A Growing Business Also Creates More Risk
Many business owners have multiple opportunities but a combination of fear and uncertainty, a lack of knowledge of how to do it and the related financial implications, as well as a lack of finances, prevents them from taking advantage of these growth opportunities.
Like many finance-related problems and opportunities, the key is understanding:
- where you are
- where you have been
- where you are going.
This is done by having:
- current management accounts and information, plus an up-to-date bank position – “where you are”
- historic management accounts and full year final accounts – “where you have been”
- forecasts comprising monthly profit and loss, balance sheet and cash flow as well as a weekly rolling cash flow forecast – “where you are going”
If your company is growing, your longer-term forecasts (comprising profit and loss account, balance sheet and cash flow on a monthly basis) should show the future profitability and the anticipated funding requirement going forward.
This allows you to have a discussion with banks and investors and to secure the right type of finance appropriate for the type of growth you are financing.
However, we must stress the risks associated with high growth opportunities as they can fundamentally change the risk profile of the company and the related cash requirements and profile.
A study of successful businesses conducted by Geneva Business Bank found the greatest potential threat to cash flow occurs when a company is experiencing rapid growth.
During growth, a business owner usually must hire more employees, expand plant capacity, invest in capital expenditure, increase sales and customer service teams and the operational team. Higher levels of stock or work-in-progress are usually required, too.
Without proper cash flow planning this can prove to be disastrous as cash receipts generally lag all the above costs and in many cases a customer who is larger often secures longer credit terms as a condition of the growth which further exacerbates the position.
For example, increasing credit terms from 30 days to 60 days. This builds higher levels of receivables outstanding and reduces the available cash for growth.

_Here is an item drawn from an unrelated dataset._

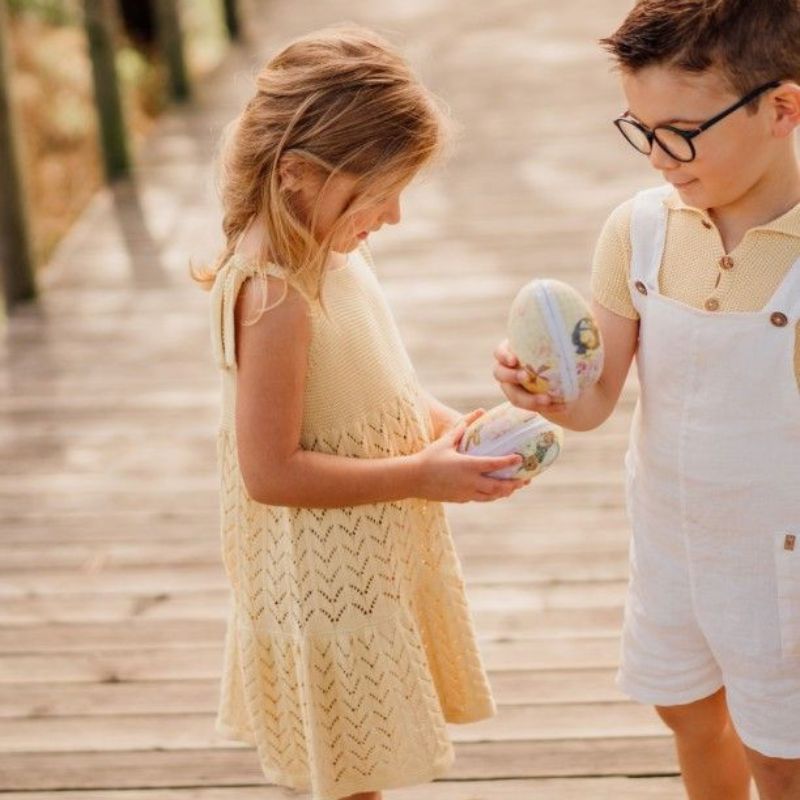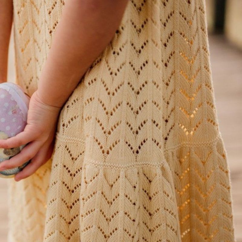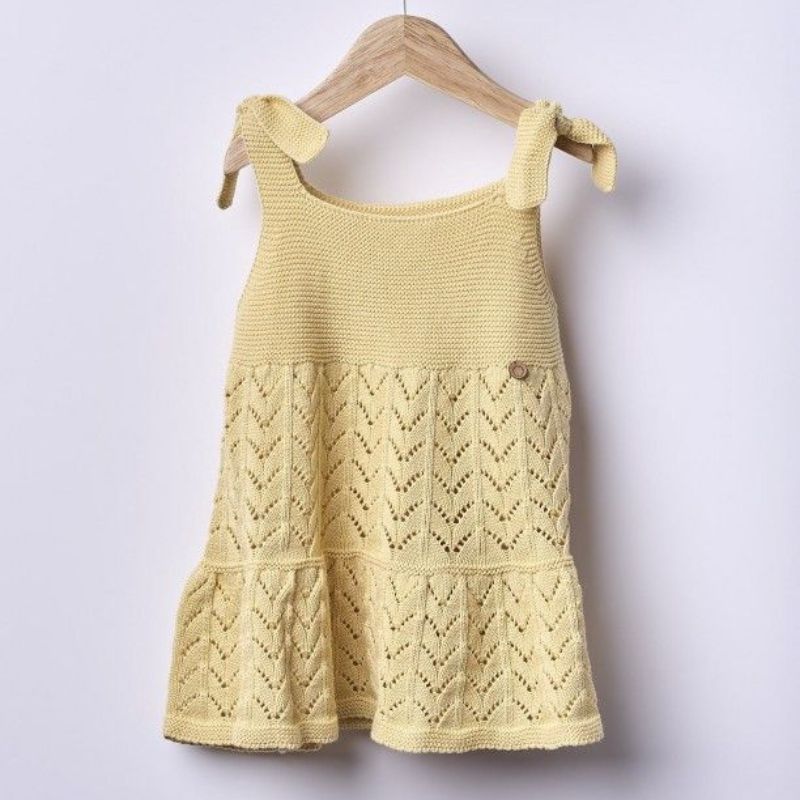 Vestido de alças tricotado em malha de algodão orgânico suave, ideal para bebés meninas, até aos 4 anos. O vestido tricotado SUMMER IN THE VILLAGE aperta nas alças com laço.

In many growth situations there is usually a build-up of physical stock and/or related work-in-progress (this is work done, but not yet completed and invoiced). This, too, needs to be funded and factored into the growth requirements.
As is evident, growth in the business involves a requirement for even more cash or funding solutions, and clearly this increases the risk profile of the company, too.
Even more so than before it is imperative that you and your management team understand the impact of this potential growth.
There must be a clear plan outlining where the growth is coming from and how it will be managed from an operational perspective, and the costs of doing this must be clearly factored into the new financial forecasts. Can you manage it yourself or will you need to employ more management resources?
Is the growth expected to arise from more sales to existing customers, sales to new customers, additional products or services, or new geographical markets? Each has a different risk profile and potential funding requirement.
Can existing suppliers cope with your needs going forward? Do you need new suppliers and to start the trading relationship from the beginning at possibly lower credit terms? What type and how many new employees are required?
As we can see, even controlled growth creates risk and potential issues if not managed effectively.
Even more so, uncontrolled business growth can have a more serious detrimental impact on cash flow.
This can happen where existing customers start ordering a bit more and perhaps pull your business into providing new products and services which are an add-on to what you already provide. They are usually lower margin and not products and services that you are as familiar with. That creates more risk.
Like most things we highlight in our book, this risk can be mitigated if you understand what is happening, you understand your figures, and have a clear plan and financial forecast. Growth should not be feared, and indeed profitable growth should be embraced.